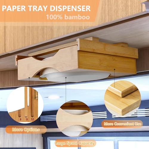 JINYOU - موزع أطباق ورقية من الخيزران، حامل يثبت اسفل الخزانة لأطباق ورقية مقاس 22 سم و23 سم و25 سم، موفر للمساحة، للمطبخ والمطعم من جينيو
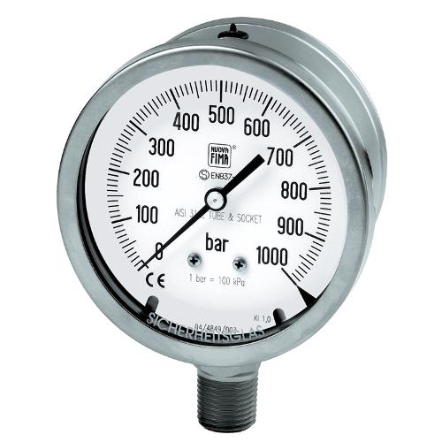 Safety stainless steel pressure gauges meet increased security requirements. They are made in accordance with EN 837-1 / S3 and ASME B40.1.
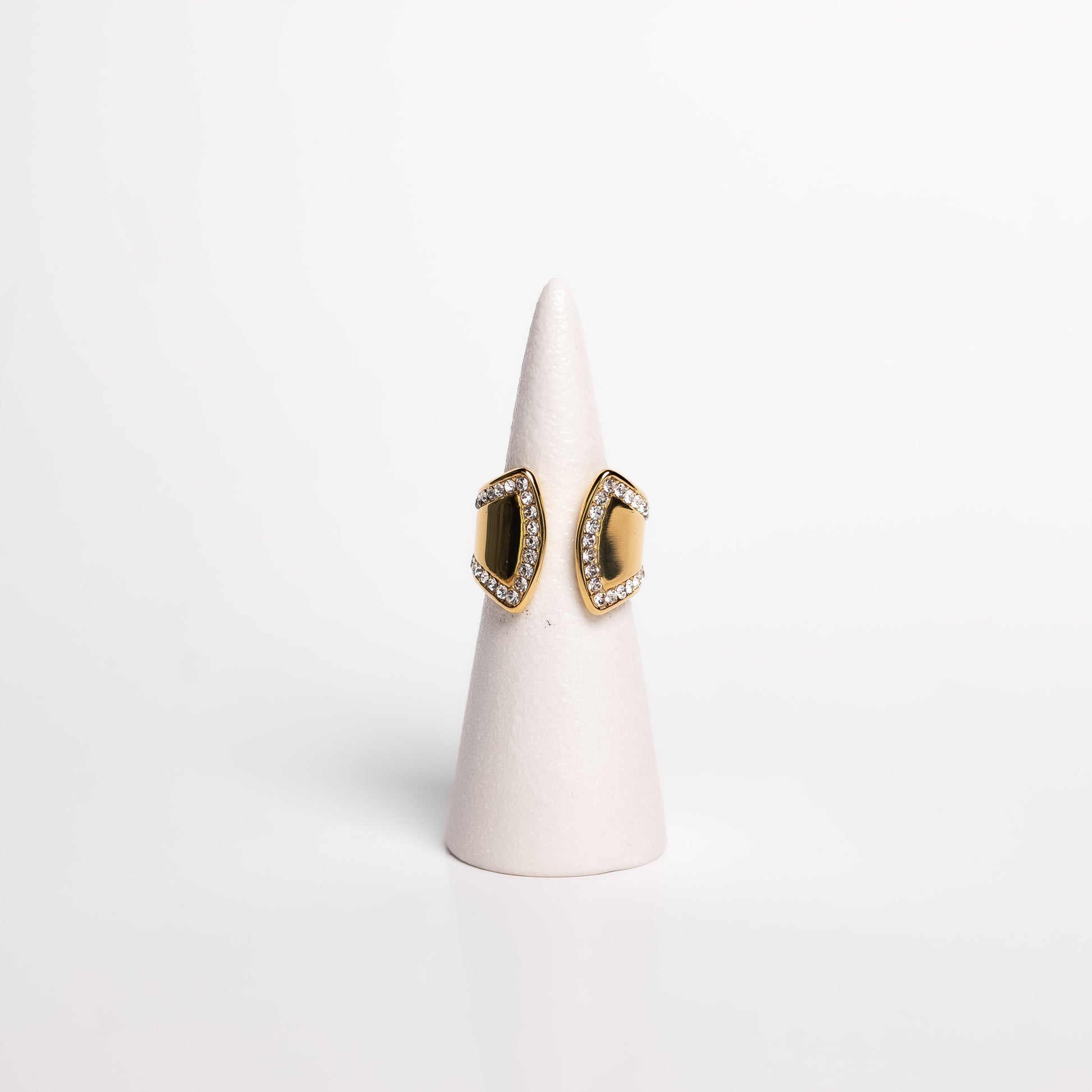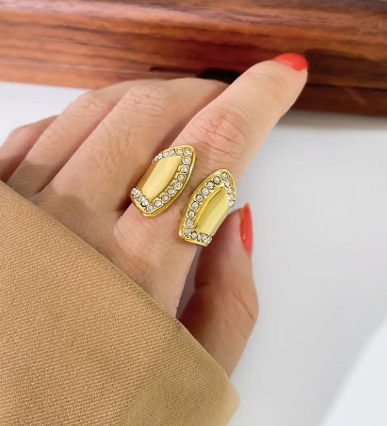 Make a bold statement with these vintage-style open rings, crafted from solid stainless steel and plated in radiant 18K gold. Adorned with sparkling rhinestones, each ring combines timeless elegance with a daring edge, perfect for those who want to stand out with confidence and style.

▸ TASK:
Please set down exactly the lines from the first line of the data above through the line with "Safety stainless steel", both included, leaving out the pictures.

▸ RESULT OF THE TASK:
 JINYOU - موزع أطباق ورقية من الخيزران، حامل يثبت اسفل الخزانة لأطباق ورقية مقاس 22 سم و23 سم و25 سم، موفر للمساحة، للمطبخ والمطعم من جينيو
 Safety stainless steel pressure gauges meet increased security requirements. They are made in accordance with EN 837-1 / S3 and ASME B40.1.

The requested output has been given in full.